(Available records):
# # # # #

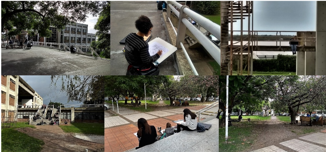
Fig.3- La capacidad de situarse para mirar conlleva la comprensión del espacio observado.

“No padecemos de falta de imágenes, sino de una inundación de imágenes. El ojo tiene antes que pertrecharse, disponerse, ponerse en situación de poder aún discernir y leer. Así es que no se trata de un alegato en pro del uso de los sentidos, sino de cómo se los puede agudizar para la percepción histórica”. (Schlögel, 2007).
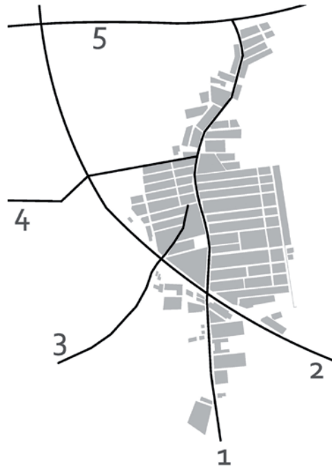
Fig. 2 Barrio de Peral (1900) 1. Camino de la Ribera 2. Vías del tren 3. Camino a San Antonio Abad 4. Camino de los Barreros 5. Vereda de San Félix

La parte del barrio que se va estudiar, queda acotada al sur por la línea del ferrocarril que divide el barrio en dos, y al norte por la primera zona en consolidarse que llega hasta la vereda de San Félix. A pesar de ser la zona norte la más antigua, no es hasta el desarrollo de la parte a analizar, cuando estas construcciones reciben la categoría de barrio. Esto se debe a que en este periodo (1890-1910), es cuando se van a construir las nuevas calles, rotular las antiguas, así como creación de fábricas y dotaciones (tiendas, iglesia, casino).
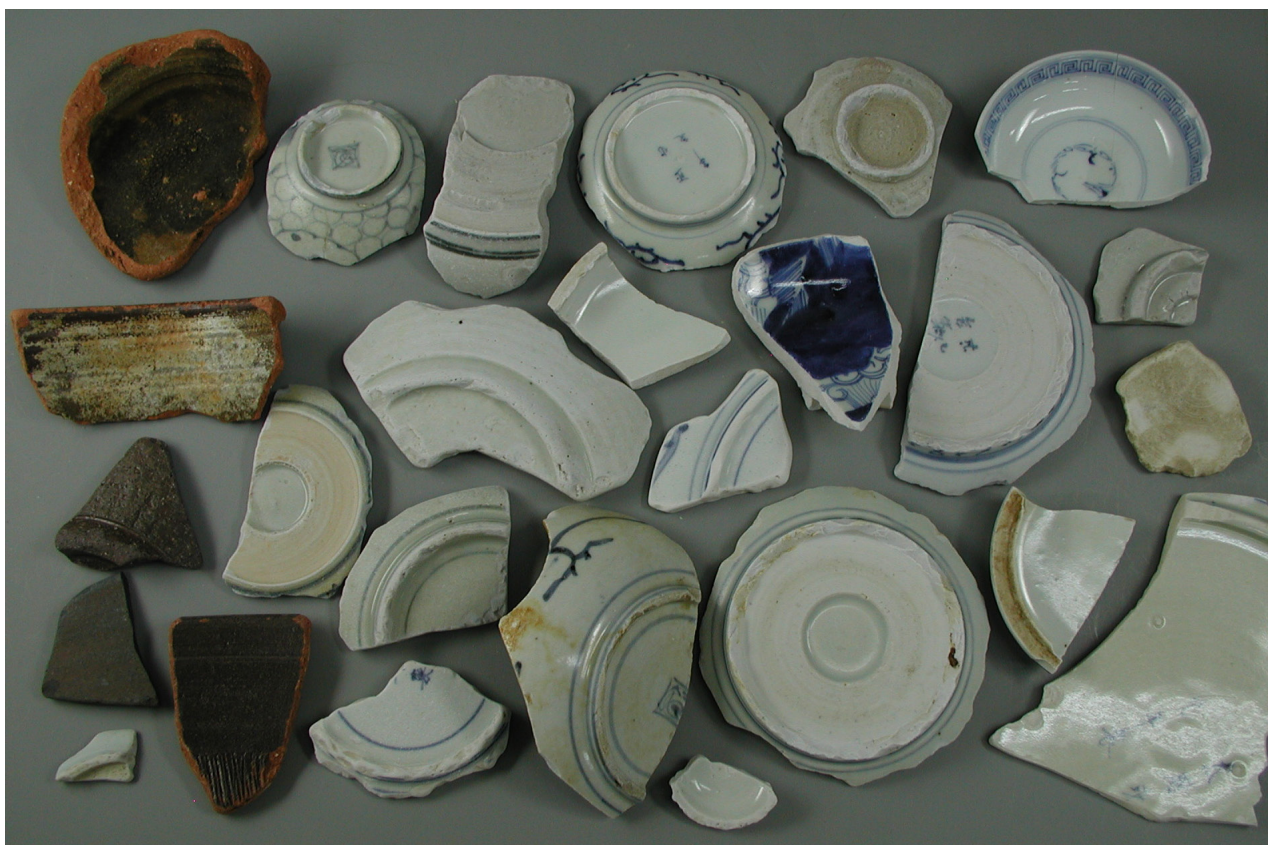
Fig. 10 松前町小松前川河口海岸、佐藤雄生さん採集品。
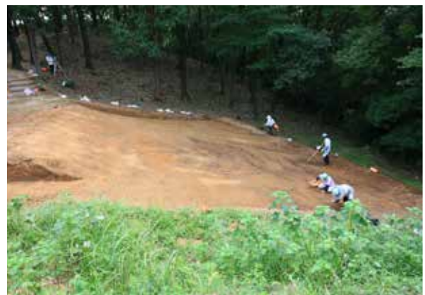
2 調査風景（平成 29 年度）
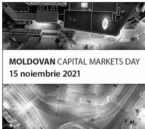
MOLDOVAN CAPITAL MARKETS DAY 15 noiembrie 2021

Bursa de Valori din Londra, în parteneriat cu Renaissance Capital și cea mai mare bancă din Moldova – MAIB, va organiza, în data de 15 noiembrie, „Moldova Capital Markets Day 2021”.
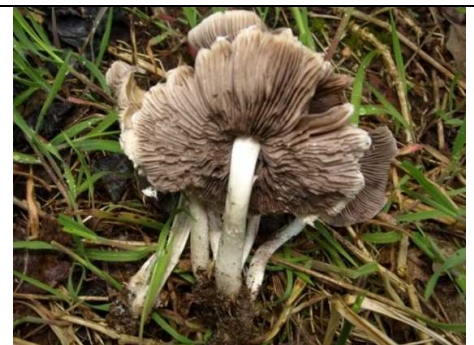
GAMBO E LAMELLE
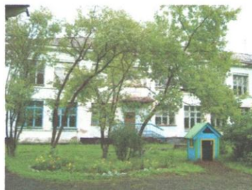
Мдоу №16 г.о.п.Лобва

Данные победили в двух номинациях соответственно: презентация образовательной здоровьесберегающей образовательной программы и презентация отдельных уникальных условий, направленных на сохранение и укрепление физического и психического здоровья детей дошкольного возраста.
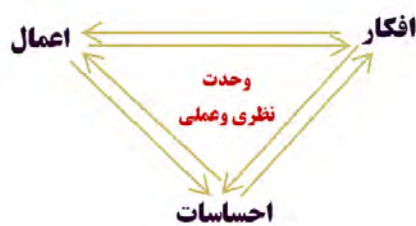
شکل ۱: کارکرد اجتماعی دین

به تدریج این مفهوم از زمان مسافرت دریایی اروپایی‌ها به سایر سرزمین‌ها و کشورها از فضای تعریف یک طبقه به سمت تعریف ویژگی یک جامعه پیشرفت. اروپایی‌ها ناچار بودند برای ماندن در کشورهای مستعمره، زبان و آداب آن‌ها را بشناسند. آن‌ها می‌دیدند چیزی در کشورهای خود دارند که در کشورهای مستعمره نیست و اسم آن‌را فرهنگ گذاشتند و لذا به مرور، اسم جوامع خود را با فرهنگ گذاشتند و جوامع استعمار شده را «عقب‌مانده» نامیدند. در پی این جریان بود که به مرور زمان مفهوم فرهنگ به یک مفهوم هنجاری و دو دسته‌ساز
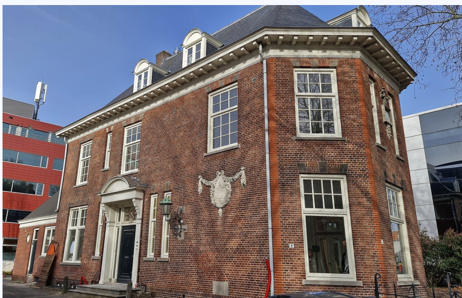
M.H. Tromplaan 8 in Enschede.

De vereniging Protestantse Zieken Verpleging begon in april 1891 in Enschede met de wijkverpleging. Het doel was om in de behoeftige aan verpleging in de zich ontwikkelende fabrieksstad te voorzien. De wijkverpleging was in Enschede zeer noodzakelijk ook gezien het aantal beperkte ziekenhuisbedden. Na ruim 130 jaar heeft zich deze zorg ontwikkeld tot de thuiszorg, een belangrijke schakel in ons huidige zorgsysteem.
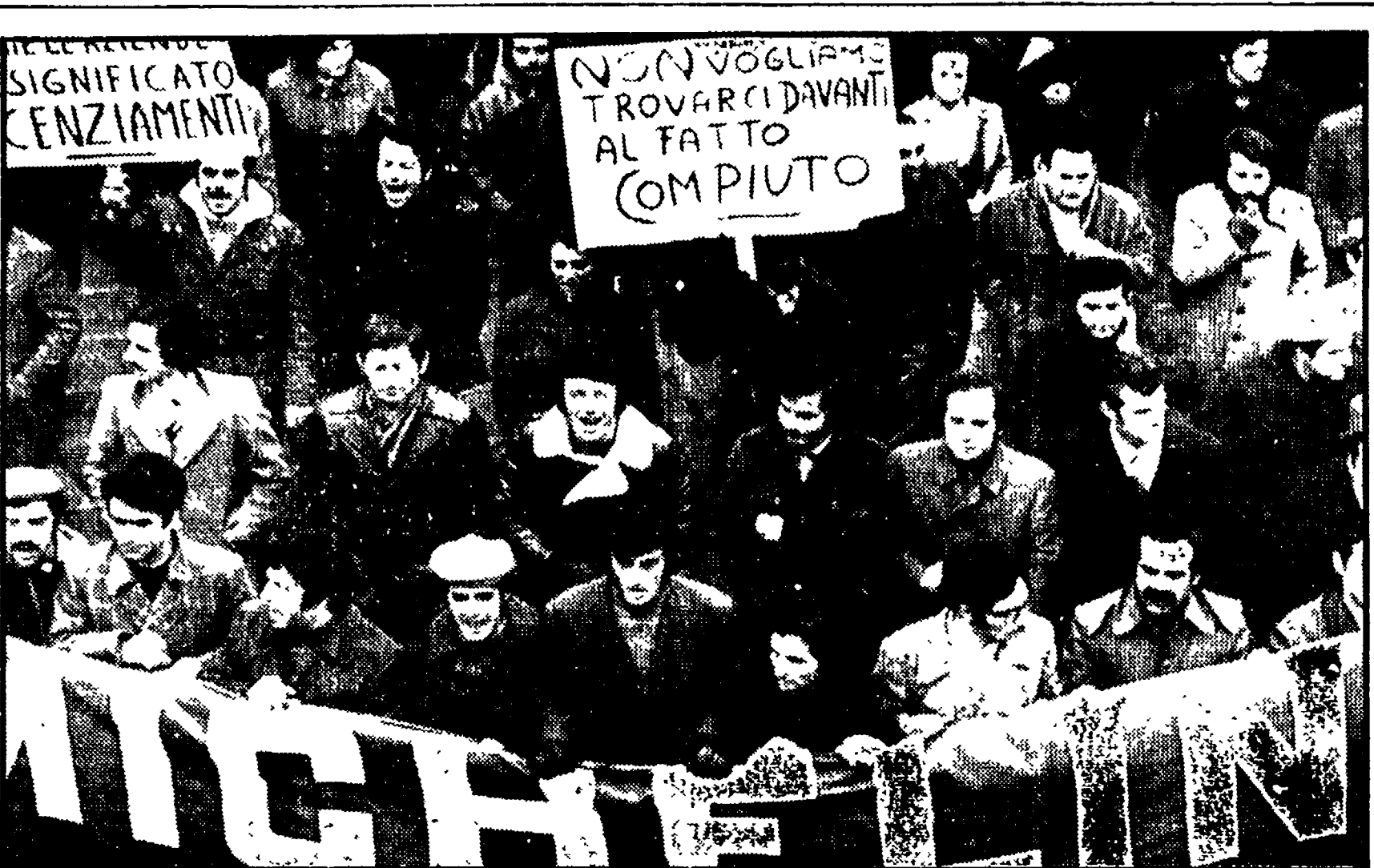
FORTI AZIONI ALLA MICHELIN E ALLA PIRELLI. Con massicci scioperi che hanno bloccato per l'intera giornata la Michelin e lo stabilimento « pneumatici » della Pirelli di Settimo (Torino)...

Migliaia in corteo alla Mirafiori e nelle diverse sezioni - Altissime le adesioni allo sciopero - Forte presenza degli impiegati - Sottoscrizione fra la popolazione per la manifestazione di Roma

# # # # #

(What is required):
Filtering the entries above by the word "para", copy each line that matches.

(Solution to the problem):
Fig.3- La capacidad de situarse para mirar conlleva la comprensión del espacio observado.
“No padecemos de falta de imágenes, sino de una inundación de imágenes. El ojo tiene antes que pertrecharse, disponerse, ponerse en situación de poder aún discernir y leer. Así es que no se trata de un alegato en pro del uso de los sentidos, sino de cómo se los puede agudizar para la percepción histórica”. (Schlögel, 2007).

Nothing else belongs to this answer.